The deal marks another win for Microsoft Corp.’s proprietary digital rights management solution. The software giant is marketing the technology to consumers under the PlaysForSure brand in an effort to entice users to buy interoperable hardware. Verizon’s new music service also relies on technology from PacketVideo Corp. and WiderThan.

While there is little doubt about consumer demand for portable music, whether they’ll pay a premium for on-the-go downloads is far from certain. Sprint Nextel Corp., the only other U.S. carrier to offer full-track downloads, charges $2.50 per download; Amp’d Mobile Inc. occupies the other end of the pricing spectrum with plans to offer full-track mobile downloads for 99 cents.

Analysts generally believe operators will settle on a per-song price in the range of $1.50 to $1.75-a price, some say, could prove attractive to users and carriers.

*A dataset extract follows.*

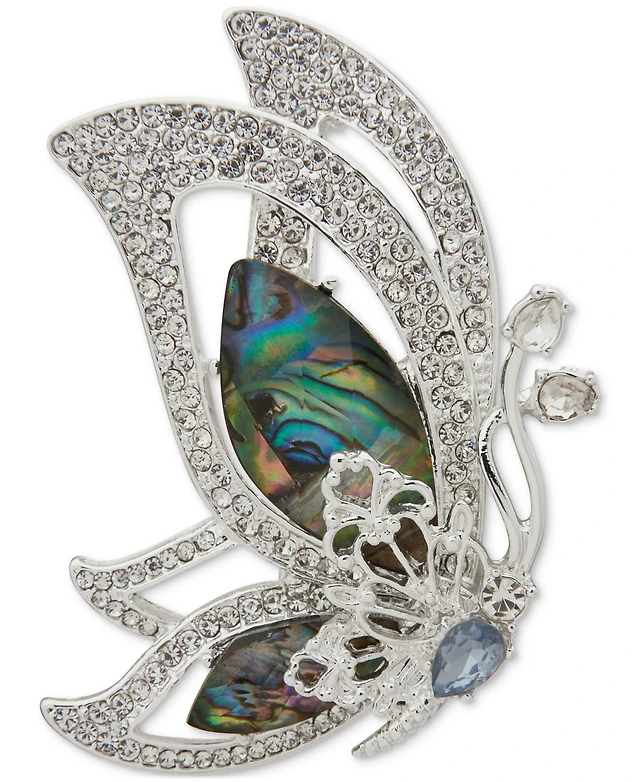 Anne Klein Silver-Tone Mixed Stone Butterfly Pin

Verizon Wireless CEO Denny Strigl hinted the carrier’s pricing may need adjusting as the market begins to find a workable business model.

“I think you will find we’ll continue to let the model evolve,” Strigl said. “(But) I think what we’ve put together is a very low price and a good value for the customer.”

Pricing questions aren’t the only hurdles facing mobile music, though. Memory limits in handsets remain a major concern, and network speed and traffic issues remain.

MusicGremlin Inc., which debuted a wireless digital audio player and music store at the show, uses Wi-Fi technology to avoid cellular network concerns. The company’s devices, which have yet to hit the market, include metadata for more than 1 million songs. Users can shop for tunes-priced at 99 cents apiece-and place orders on the handset, then have the music downloaded to the device once it gets in range of a Wi-Fi hot spot.

In addition to its consumer-targeted hardware, MusicGremlin aims to license its software to device manufacturers. While Internet music giants including Napster L.L.C. and RealNetworks Inc.’s Rhapsody are already making moves into the mobile space, co-founder Jonathan Axelrod said MusicGremlin’s three years of experience give it a substantial edge over the big guys.

“The technology (for mobile) is the core differentiator,” Axelrod said. “Doing it on a PC is easy.”